Tuesday, September 7, 2010

Spicy Cauliflower


Spicy Cauliflower

Cauliflower is wash and broken into small florets. Cauliflower florets are cooked in tempered oil along with chopped onion. Tamarind pulp is added while cooking the cauliflower for tanginess.
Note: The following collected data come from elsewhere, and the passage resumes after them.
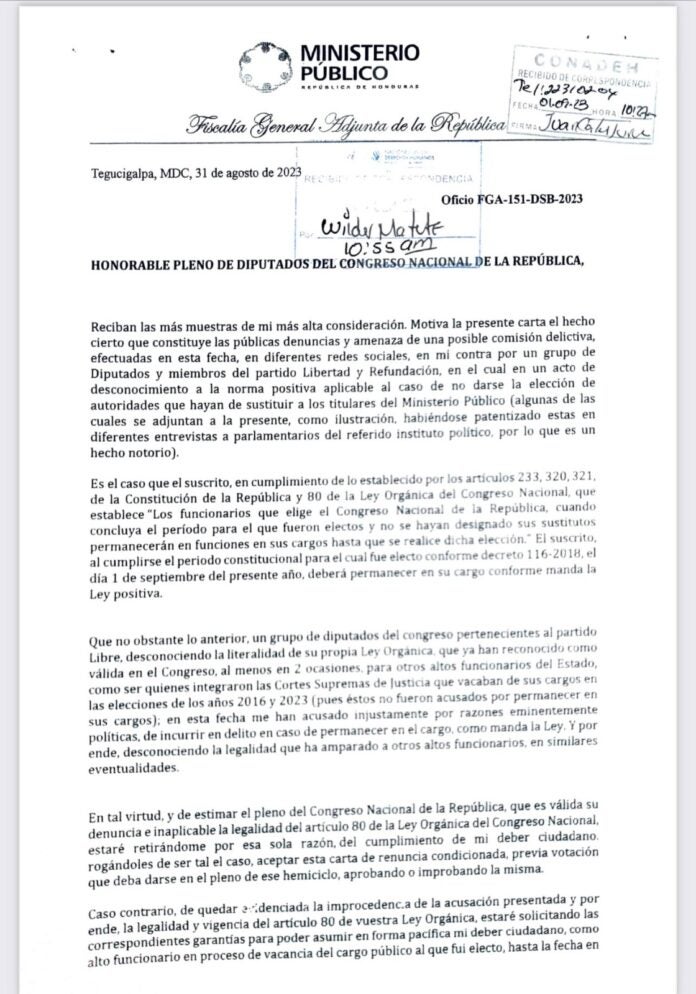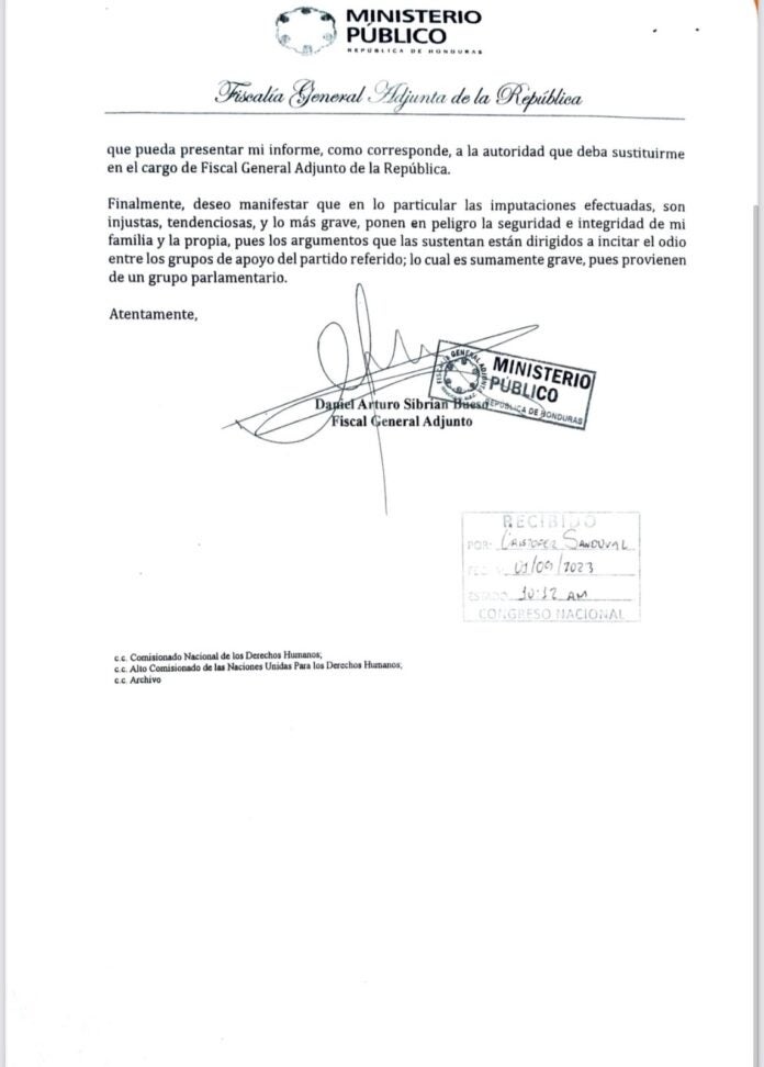 El fiscal adjunto Sibrián Bueso presentó su carta de renuncia al Congreso Nacional, para su posterior aprobación mediante votación, conforme a lo establecido en la Ley.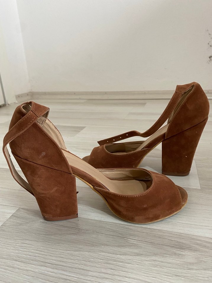 Tarçın süet kadının topuklu ayakkabısı, kalın topuklu ve tokalı, bohem tarzında. 2-3 kez giydim. İyi durumda. Çok rahat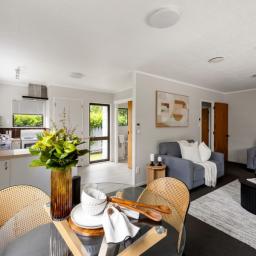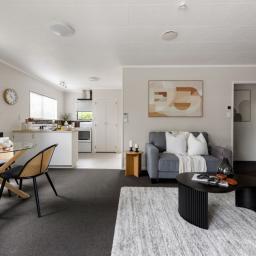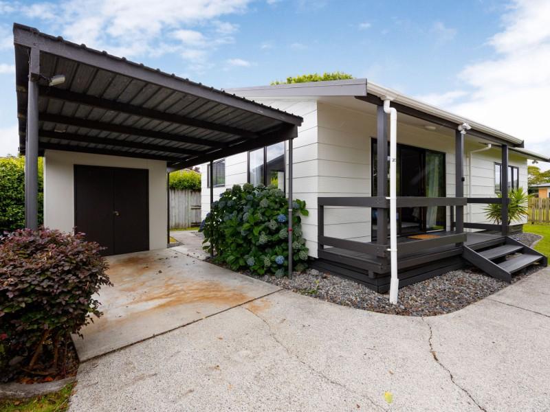 The home is presented in great condition and offers two genuine double bedrooms. At the heart of the home is the open-plan kitchen, dining and living area, a comfortable and light-filled space complete with a heat pump and SmartVent system for year-round comfort. Sliding doors extend the living area out to a cozy, sunny deck overlooking the section — an inviting spot to enjoy a morning coffee or unwind at the end of the day.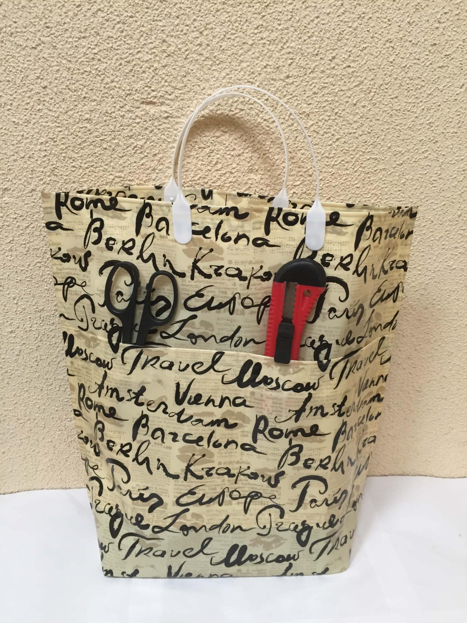 Пакет с пластмассовыми ручками (37х37+10) Подписи городов с карманами 10/50
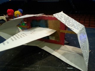 That didn’t work either! GAH! So far, the weight of the kids is too much for wheels to handle. At this pint we are going to have to take the shell off and put handles on the inside and make the kids walk it across the stage. Bummer.

The curry is finished with spice powders and garam masala for heat.
Makes: around 6 Servings of Spicy Cauliflower.

Ingredients

Cauliflower 1 medium head
Onion 1
Green Chiles 3
Ginger Garlic Paste 1/2 tsp
Coriander Powder 1/2 tsp
Cumin powder 1/4 tsp
Garam Masala 1/2 tsp
Turmeric Powder a pinch
Tamarind 1 inch sized ball
Cilantro few sprigs
Salt to taste

Talimpu

Urad Dal 1/4 tsp
Cumin Seeds 1/4 tsp
Mustard Seeds 1/4 tsp
Broken Red Chiles 3
Curry Leaves 4
Oil 1 tbsp

Method 

Wash cauliflower and break it into small florets.
Remove stems, wash and slice the green chiles.
Peel and finely chop the onion.
Wash and finely chop cilantro.
Soak tamarind in few tablespoons of water for sometime and extract all the thick juice.

Heat oil in a pan, add all talimpu ingredients in order.
When cumin seeds start to sizzle, add chopped onion.
Fry the onion till it turns light brown around the edges.
Then add ginger garlic paste and green chiles and fry for few more seconds.
Stir in cauliflower florets, tamarind extract and salt.
Cook covered on low flame till cauliflower is soft but not mushy (around 8 minutes).
Uncover, add coriander powder, cumin powder, garam masala, turmeric powder and salt.
Stir fry for a minute or two to remove any excess moisture and lightly mash to break any big florets.
Garnish with chopped cilantro and serve spicy cauliflower with steamed rice.
Notes: Make sure to cook the cauliflower well.

Suggestions: If cauliflower is not cooked properly, cook covered on low flame till done. If the curry gets too spicy or too sour, add some chopped boiled potato.
Variations: You can also add lemon juice during the last stage of the cooking by skipping tamarind.
Other Names: Cauliflower Masala Kura, Masala Gobi.